Exercise prompt —
Print the lines below from the line with "Model 1 PB 115 Powder Dynamometer" to the line with "PROPOSED SITE PLAN SCALE 1:500" exactly, keeping both ends, and print no pictures.

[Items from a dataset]

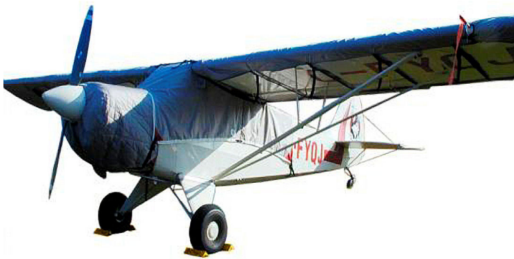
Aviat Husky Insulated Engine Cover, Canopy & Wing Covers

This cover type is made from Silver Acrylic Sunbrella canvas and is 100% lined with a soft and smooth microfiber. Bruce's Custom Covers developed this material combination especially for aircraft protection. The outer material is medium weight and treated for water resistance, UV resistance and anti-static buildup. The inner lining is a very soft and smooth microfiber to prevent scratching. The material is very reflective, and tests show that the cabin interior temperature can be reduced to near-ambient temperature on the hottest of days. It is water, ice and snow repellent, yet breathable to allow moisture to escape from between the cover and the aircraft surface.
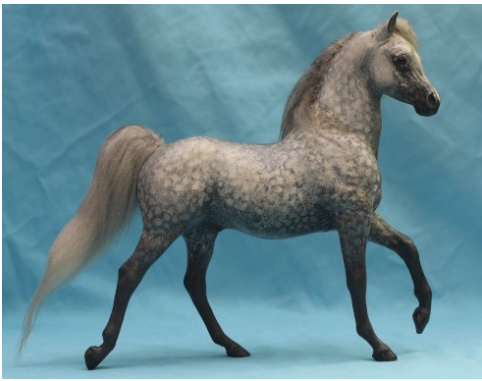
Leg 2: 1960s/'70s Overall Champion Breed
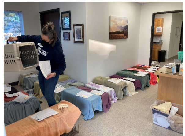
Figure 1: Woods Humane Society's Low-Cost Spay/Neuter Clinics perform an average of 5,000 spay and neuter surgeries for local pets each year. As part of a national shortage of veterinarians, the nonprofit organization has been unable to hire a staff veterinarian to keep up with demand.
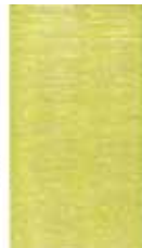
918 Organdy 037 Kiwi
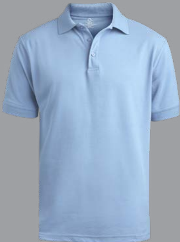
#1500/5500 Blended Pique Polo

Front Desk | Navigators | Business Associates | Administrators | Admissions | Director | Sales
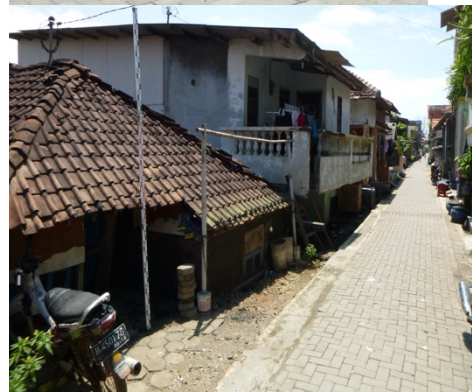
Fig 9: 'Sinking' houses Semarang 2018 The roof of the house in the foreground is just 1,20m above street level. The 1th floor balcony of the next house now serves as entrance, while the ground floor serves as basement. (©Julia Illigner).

==

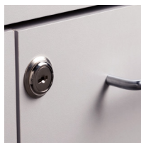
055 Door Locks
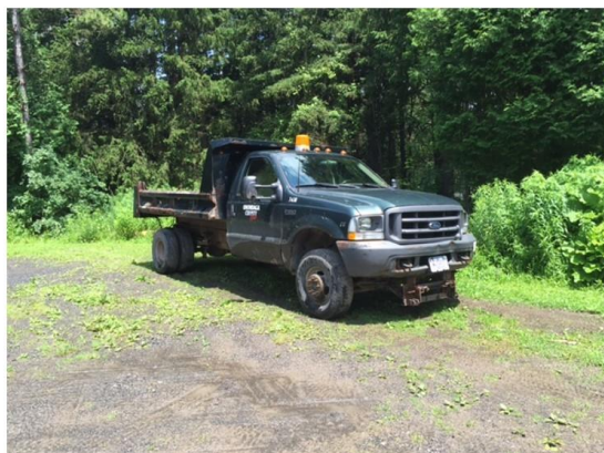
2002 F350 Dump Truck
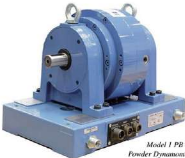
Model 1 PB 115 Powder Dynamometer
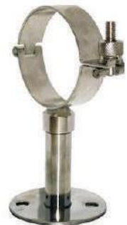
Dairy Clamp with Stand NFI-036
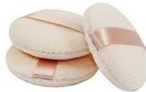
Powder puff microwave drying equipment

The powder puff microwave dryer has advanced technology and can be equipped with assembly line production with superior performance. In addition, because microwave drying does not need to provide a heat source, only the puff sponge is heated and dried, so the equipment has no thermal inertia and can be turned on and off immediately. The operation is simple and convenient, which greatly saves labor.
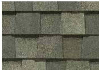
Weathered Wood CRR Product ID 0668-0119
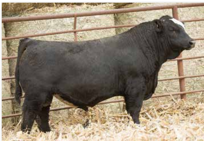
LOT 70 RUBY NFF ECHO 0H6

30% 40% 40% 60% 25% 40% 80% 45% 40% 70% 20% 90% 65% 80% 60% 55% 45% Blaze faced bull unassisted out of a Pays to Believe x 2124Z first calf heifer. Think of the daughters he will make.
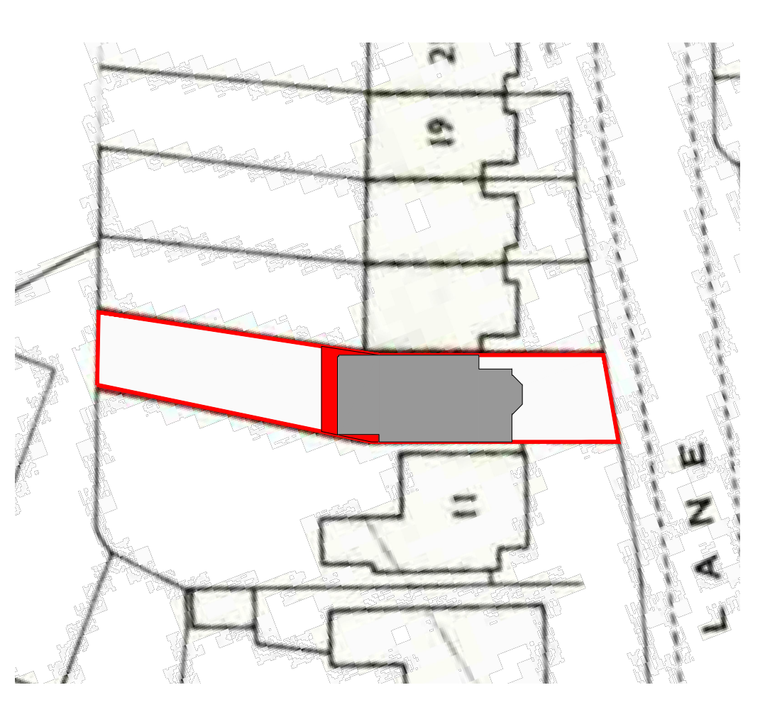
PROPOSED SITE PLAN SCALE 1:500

Task response —
Model 1 PB 115 Powder Dynamometer
Dairy Clamp with Stand NFI-036
Powder puff microwave drying equipment

The powder puff microwave dryer has advanced technology and can be equipped with assembly line production with superior performance. In addition, because microwave drying does not need to provide a heat source, only the puff sponge is heated and dried, so the equipment has no thermal inertia and can be turned on and off immediately. The operation is simple and convenient, which greatly saves labor.
Weathered Wood CRR Product ID 0668-0119
LOT 70 RUBY NFF ECHO 0H6

30% 40% 40% 60% 25% 40% 80% 45% 40% 70% 20% 90% 65% 80% 60% 55% 45% Blaze faced bull unassisted out of a Pays to Believe x 2124Z first calf heifer. Think of the daughters he will make.
PROPOSED SITE PLAN SCALE 1:500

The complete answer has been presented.